Choroideremia is a rare inherited cause of blindness that affects around 1 in 50,000 people. The first signs tend to be seen in boys in late childhood, with the disease slowly progressing until vision is lost. There is currently no cure. It is caused by defects in the CHM gene on the X chromosome, which explains why it is almost always boys that are affected. Without the protein produced by the CHM gene, pigment cells in the retina of the eye slowly stop working, then die off. As the disease progresses, the surviving retina gradually shrinks in size, reducing vision.

The gene therapy approach developed by Professor MacLaren's team uses a small, safe virus to carry the missing CHM gene into the light-sensing cells in the retina. In an operation similar to cataract surgery, the patient's retina is first detached and then the virus is injected underneath using a very fine needle.

The aim is for the CHM gene, once delivered into the cells of the retina, to start producing protein and stop the cells dying off. 'If we were able to treat people early, get them in their teens or late childhood, we'd be getting the virus in before their vision is lost,' explains Professor MacLaren. 'If the treatment works, we would be able to prevent them from going blind.'

Professor Miguel Seabra, whose research at Imperial College London identified the protein involved in choroideremia, says: 'My team has spent 20 years trying to understand choroideraemia and develop a cure, so to finally see the rewards reaching patients is extremely gratifying, both for us and the families who supported our research.'

The Phase I trial began with six patients: two with excellent visual acuity, two with good acuity and two with reduced acuity. Visual acuity is the acuteness or clearness of vision, and is measured by reading lines of letters on a sight chart.

Six months after the operation, those with excellent or good acuity had the same level of acuity they began with, but could see more in the dark when tested – despite the detachment of the retina during the operation.

The two patients with reduced acuity saw improvements in their vision, being able to read two and four more lines on the sight chart. One of these, Jonathan Wyatt, a barrister from Bristol, was the first patient to be treated. He has shown sustained improvement in visual acuity for two years now. The fourth patient to receive the treatment, Toby Stroh, a solicitor in London, has shown continued improvement at one year.

Professor MacLaren says: 'What's really exciting is that the improvement in these two patients at six months is significant and it has so far been maintained.

'We are now trying higher doses of the gene therapy in the next part of the clinical trial to find what level is needed to stop the degeneration.

'I am incredibly excited to see what will happen.

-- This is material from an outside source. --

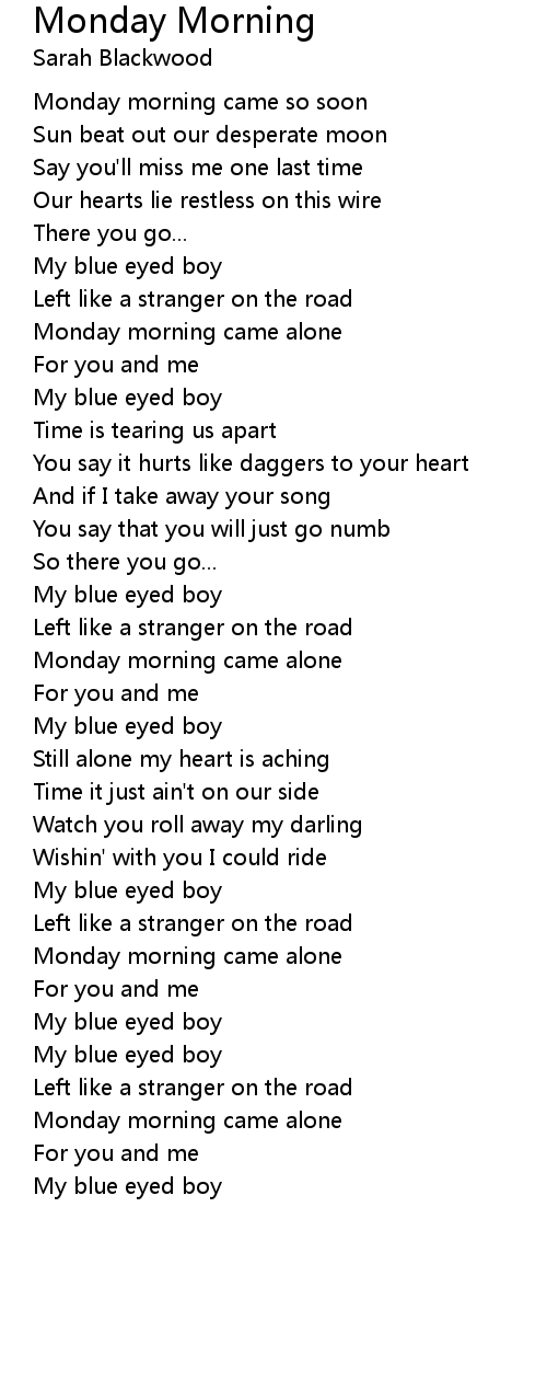 Monday morning came so soon |

The difficult bits are done: we know the virus carrying the gene therapy gets into the cells and the retina recovers after the surgery. Now it's just waiting to see how the patients progress.'

This is the first time a gene therapy for an eye condition has been tested in people with full 6/6 visual acuity. This suggests the approach has promise for treating people early on before too many cells in the retina have been lost.

It is also the first time that a gene therapy has targeted the principal light-sensing cells in the retina, known as photoreceptors. This means the approach has relevance for other, far more common causes of blindness where these light-sensing cells are affected, such as retinitis pigmentosa and age-related macular degeneration.

Patients have come from Moorfields Eye Hospital, the Manchester Royal Eye Hospital and the University of Southampton.